### WHAT TO PRODUCE:
Reproduce the listing below from the line with "本次组织生活会王伟婷同志领学" to the line with "The Raven Embossed", both lines included, character for character, minus any pictures.

### DATASET RECORDS:
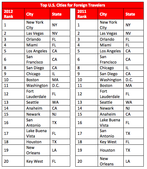 Серед іноземних туристів особливою увагою користується Нью-Йорк, Лас-Вегас, два сонячнх міста з Флоріди (Орландо і Майямі), Каліфорнія (Лос-Анджелес. Сан-Франциско, Сан-Дієно). Першу десятку замикають Бостон і Вашингтон.
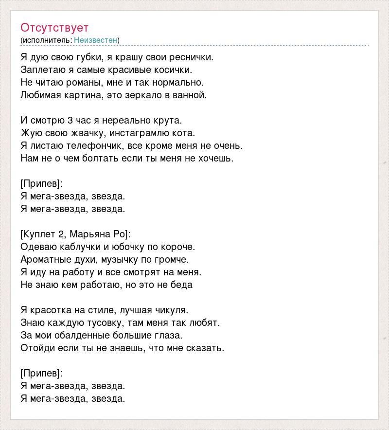 Я дую свою губки, я крашу свои реснички. Заплетаю я самые красивые косички. Не читаю романы, мне и так нормально. Любимая картина, это зеркало в ванной. И смотрю 3 час я нереально крута. Жую свою жвачку, инстаграмлю кота. Я листаю телефончик, все кроме меня не очень. Нам не о чем болтать если ты меня не хочешь. [Припев]: Я мега-звезда, звезда. Я мега-звезда, звезда. [Куплет 2, Марьяна Ро]: Одеваю каблучки и юбочку по короче. Ароматные духи, музычку по громче. Я иду на работу и все смотрят на меня. Не знаю кем работаю, но это не беда Я красотка на стиле, лучшая чикуля. Знаю каждую тусовку, там меня так любят. За мои обалденные большие глаза. Отойди если ты не знаешь, что мне сказать. [Припев]: Я мега-звезда, звезда. Я мега-звезда, звезда.
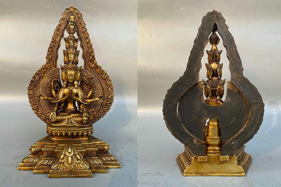 > ▼渡鶴羽▼P004清時代 仏教古美術 チベット密教 銅塗金千手観音菩薩仏像 細工彫刻★仏教古美術★仏像★細密細工★廃寺旧蔵★廃寺買出品
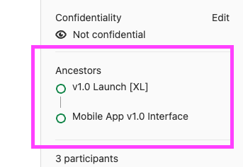 In an epic, you can view the ancestors as parents in the right sidebar under Ancestors.
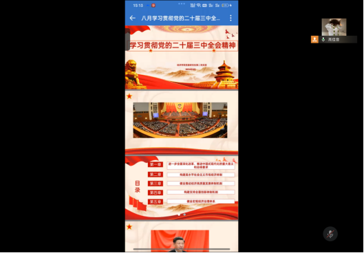本次组织生活会王伟婷同志领学了党的二十届三中全会精神。主要包括:进一步全面深化改革,推进中国式现代化的重大意义和总体要求,构建高水平社会主义市场经济体制,健全推动经济高质量发展体制机制,构建支持全面创新体制机制,健全宏观经济治理体系。
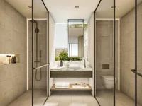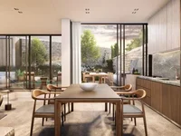 Accessed via a shaded private courtyard, this property sky-high glass walls fill the open spaces with sunlight, the sunken living room's 4.5m-high ceilings serving to enhance light and volume. Available in two- and three-bedroom layouts, indoor/outdoor living is prioritised; the kitchen seamlessly extending on to a large deck surrounding a private plunge pool, perfect for lounging, entertaining and dining al fresco.
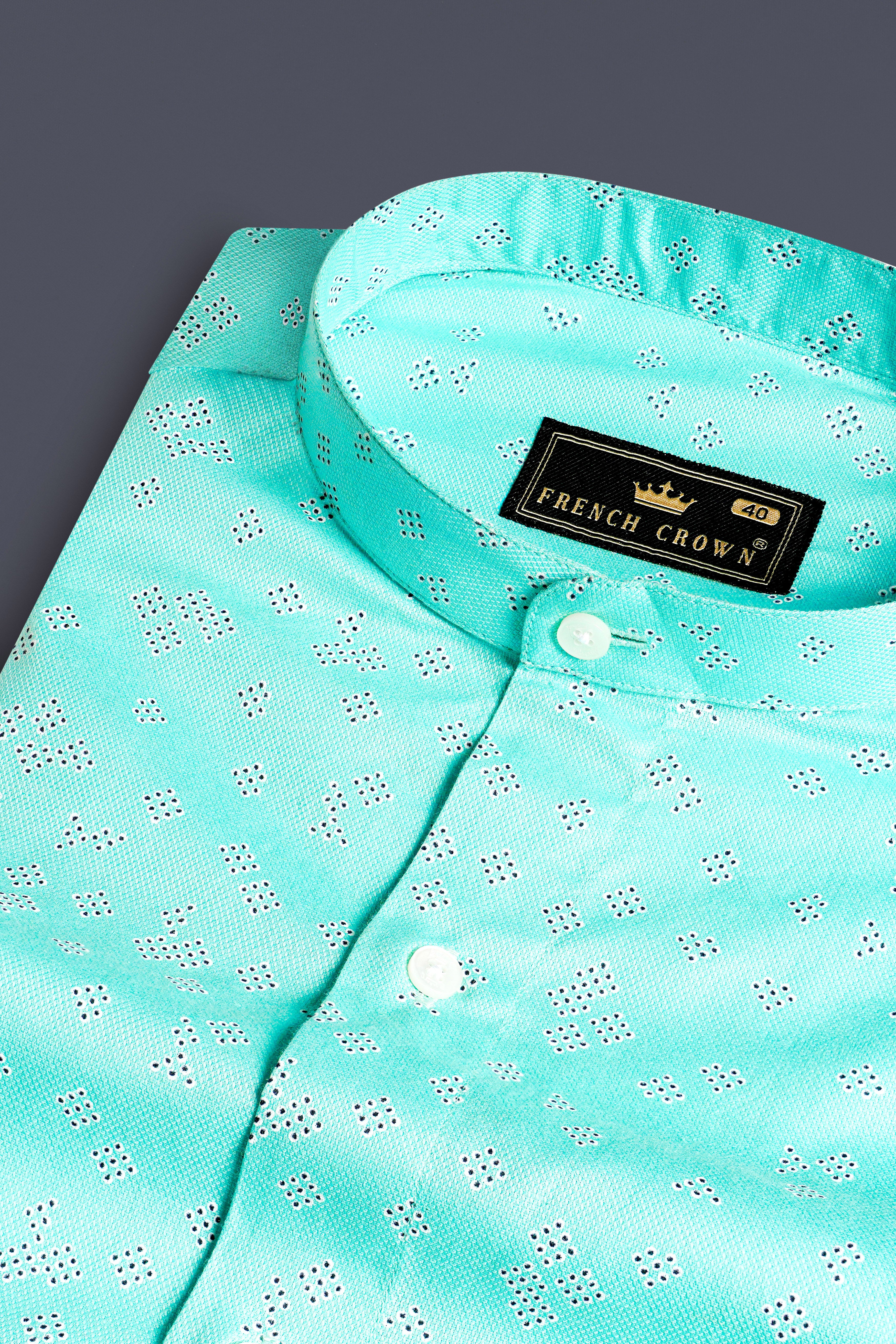 Tiffany Blue with White Cuffs and Collar Dobby Textured Premium Giza Cotton ShirtTiffany Blue with White Cuffs and Collar Dobby Textured Premium Giza Cotton Shirt
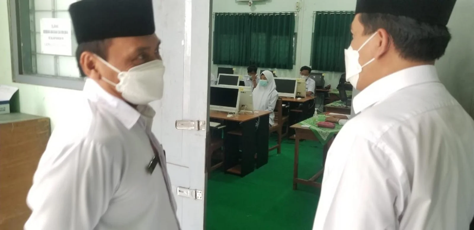 Wonosari (MAN 1 Gunungkidul) – Kepala Kantor Wilayah Kementerian Agama DIY Dr. H. Masmin Afif, M.Ag. melakukan monitoring pelaksanaan ANBK hari kedua di MAN 1 Gunungkidul pada hari Selasa (28/09/2021). Beliau didampingi Kepala MAN 1 Gunungkidul, Kholis Muhajir, S. Ag., M.S.I. memantau pelaksanan ANBK di laboratorium komputer.
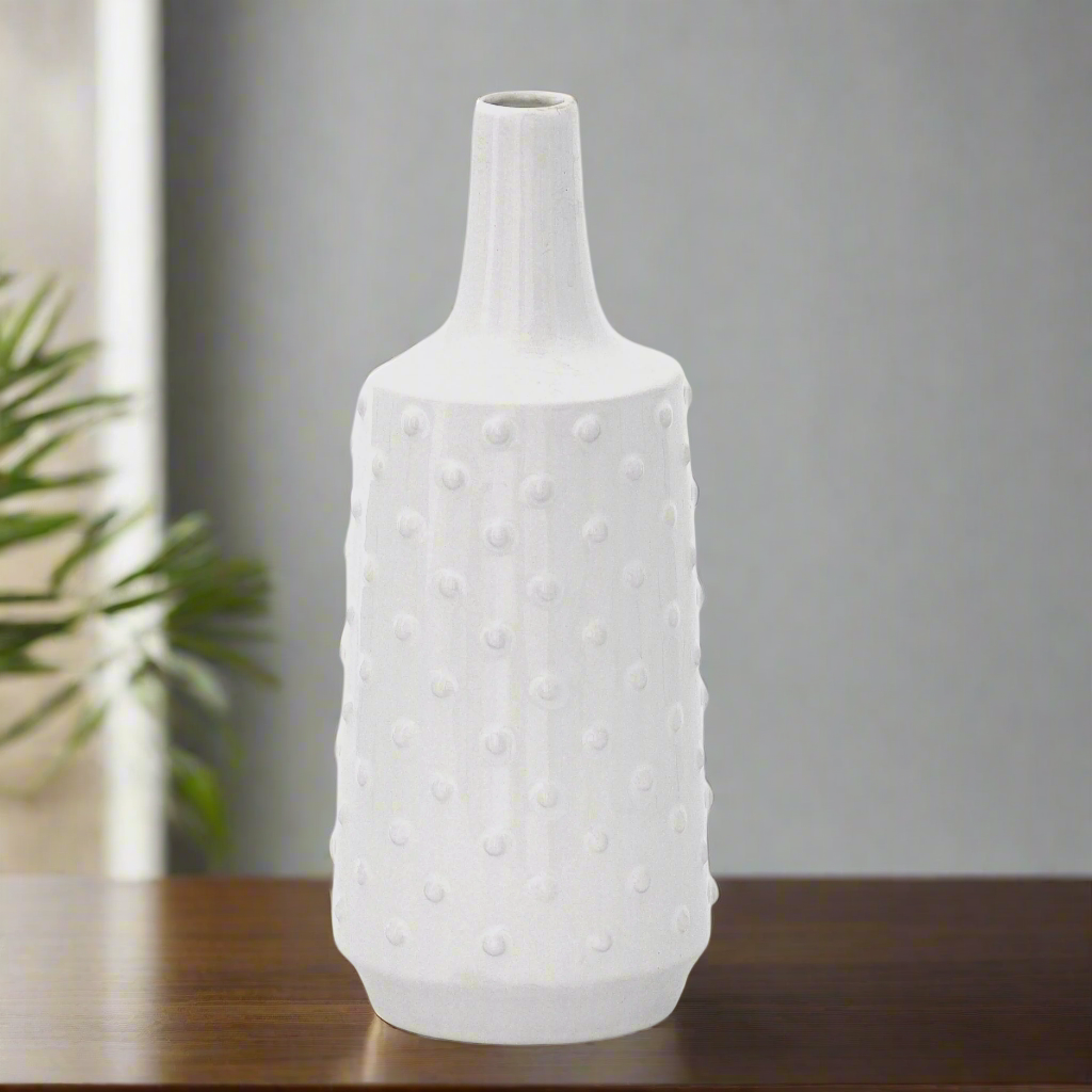 The Raven Embossed Dotted Ceramic Vase features a rounded body with a narrow mouth and a raised dotted design that adds depth and tactile detail. Set on a tapered base and finished in a smooth, high-gloss glaze, this vase offers a sculptural presence that works beautifully as a standalone accent or as part of a styled arrangement. Available in two sizes for visual balance and layering.
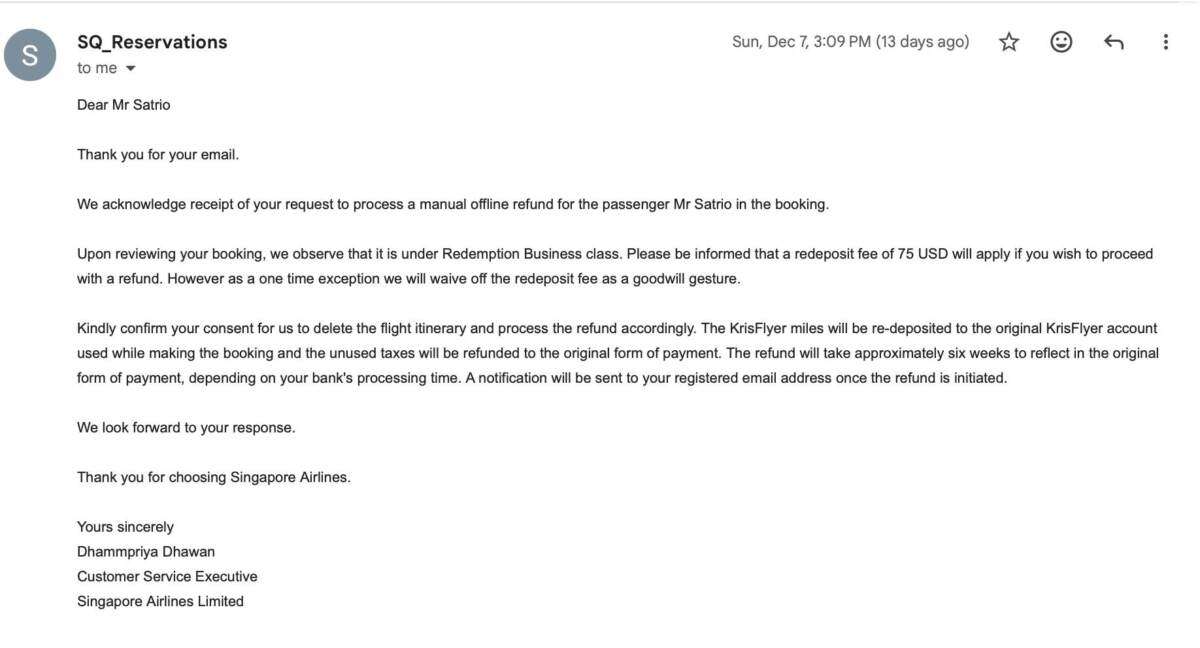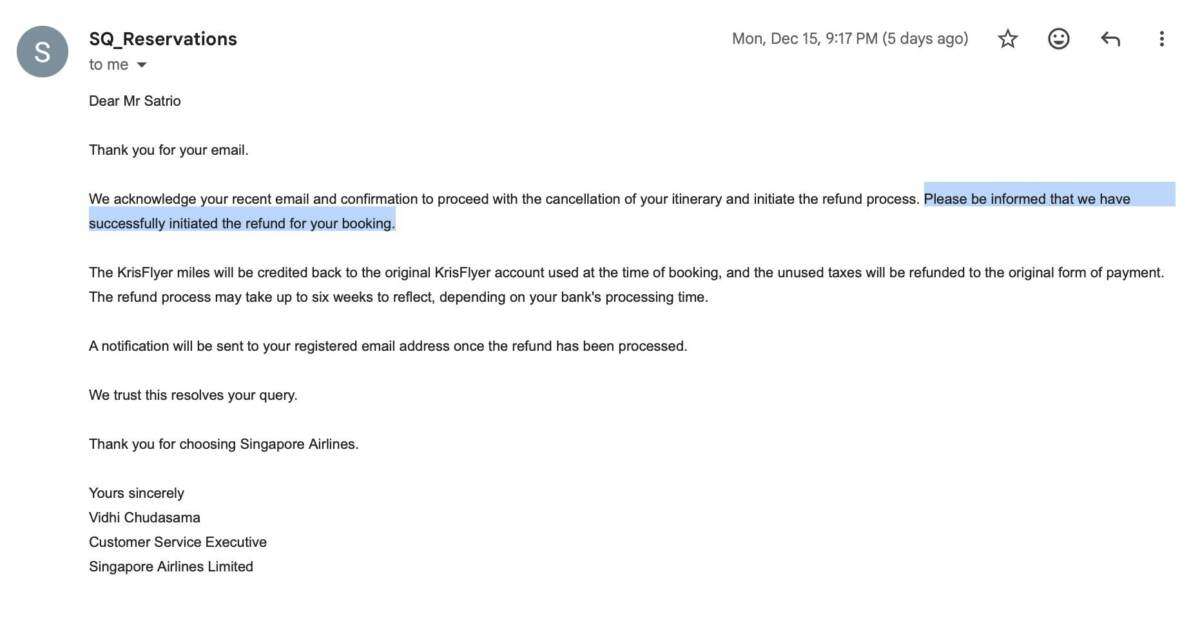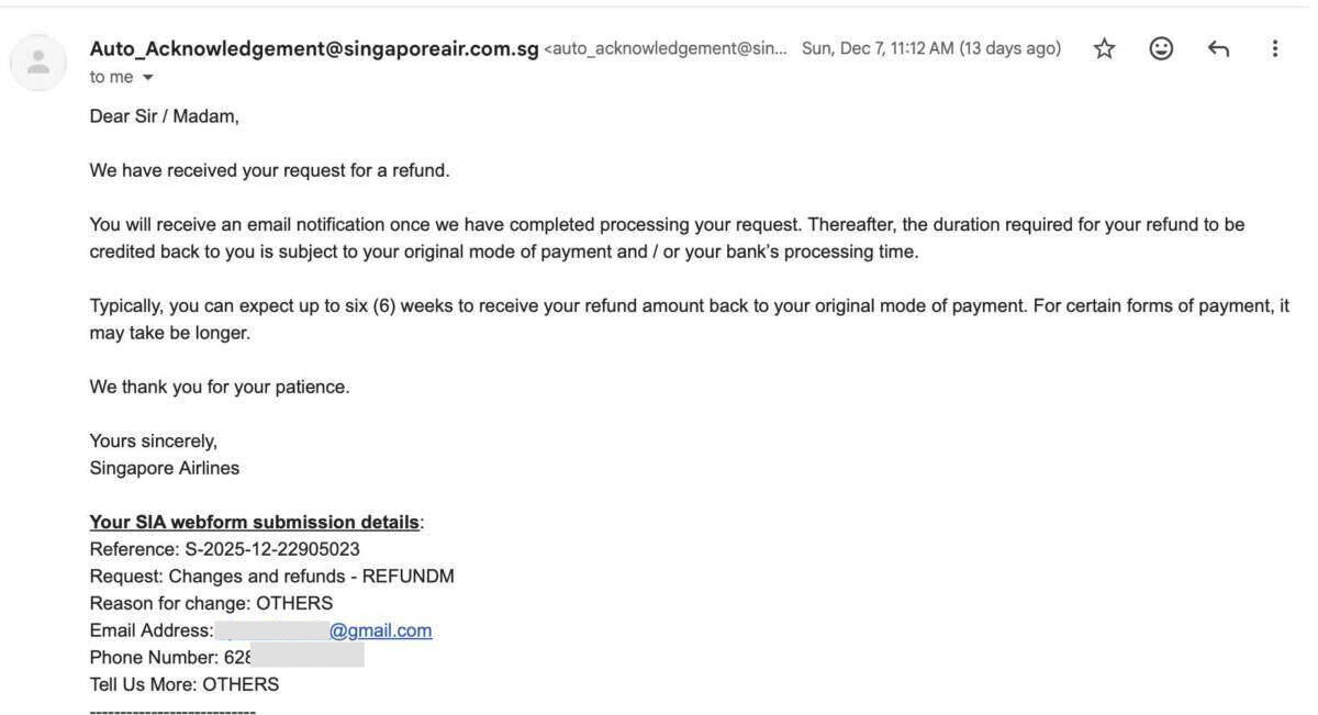 Hingga sekarang, saya tidak menerima tanggapan dari Singapore Airlines maupun kejelasan apakah proses refund telah benar-benar dimulai atau masih menggantung, serta apakah informasi yang diminta sudah mencukupi atau belum. Saya mencoba mengirimkan email kembali pada tanggal 19 Desember dan 20 Desember, tetapi tidak mendapatkan jawaban.

### EXPECTED ANSWER:
本次组织生活会王伟婷同志领学了党的二十届三中全会精神。主要包括:进一步全面深化改革,推进中国式现代化的重大意义和总体要求,构建高水平社会主义市场经济体制,健全推动经济高质量发展体制机制,构建支持全面创新体制机制,健全宏观经济治理体系。
 Accessed via a shaded private courtyard, this property sky-high glass walls fill the open spaces with sunlight, the sunken living room's 4.5m-high ceilings serving to enhance light and volume. Available in two- and three-bedroom layouts, indoor/outdoor living is prioritised; the kitchen seamlessly extending on to a large deck surrounding a private plunge pool, perfect for lounging, entertaining and dining al fresco.
 Tiffany Blue with White Cuffs and Collar Dobby Textured Premium Giza Cotton ShirtTiffany Blue with White Cuffs and Collar Dobby Textured Premium Giza Cotton Shirt
 Wonosari (MAN 1 Gunungkidul) – Kepala Kantor Wilayah Kementerian Agama DIY Dr. H. Masmin Afif, M.Ag. melakukan monitoring pelaksanaan ANBK hari kedua di MAN 1 Gunungkidul pada hari Selasa (28/09/2021). Beliau didampingi Kepala MAN 1 Gunungkidul, Kholis Muhajir, S. Ag., M.S.I. memantau pelaksanan ANBK di laboratorium komputer.
 The Raven Embossed Dotted Ceramic Vase features a rounded body with a narrow mouth and a raised dotted design that adds depth and tactile detail. Set on a tapered base and finished in a smooth, high-gloss glaze, this vase offers a sculptural presence that works beautifully as a standalone accent or as part of a styled arrangement. Available in two sizes for visual balance and layering.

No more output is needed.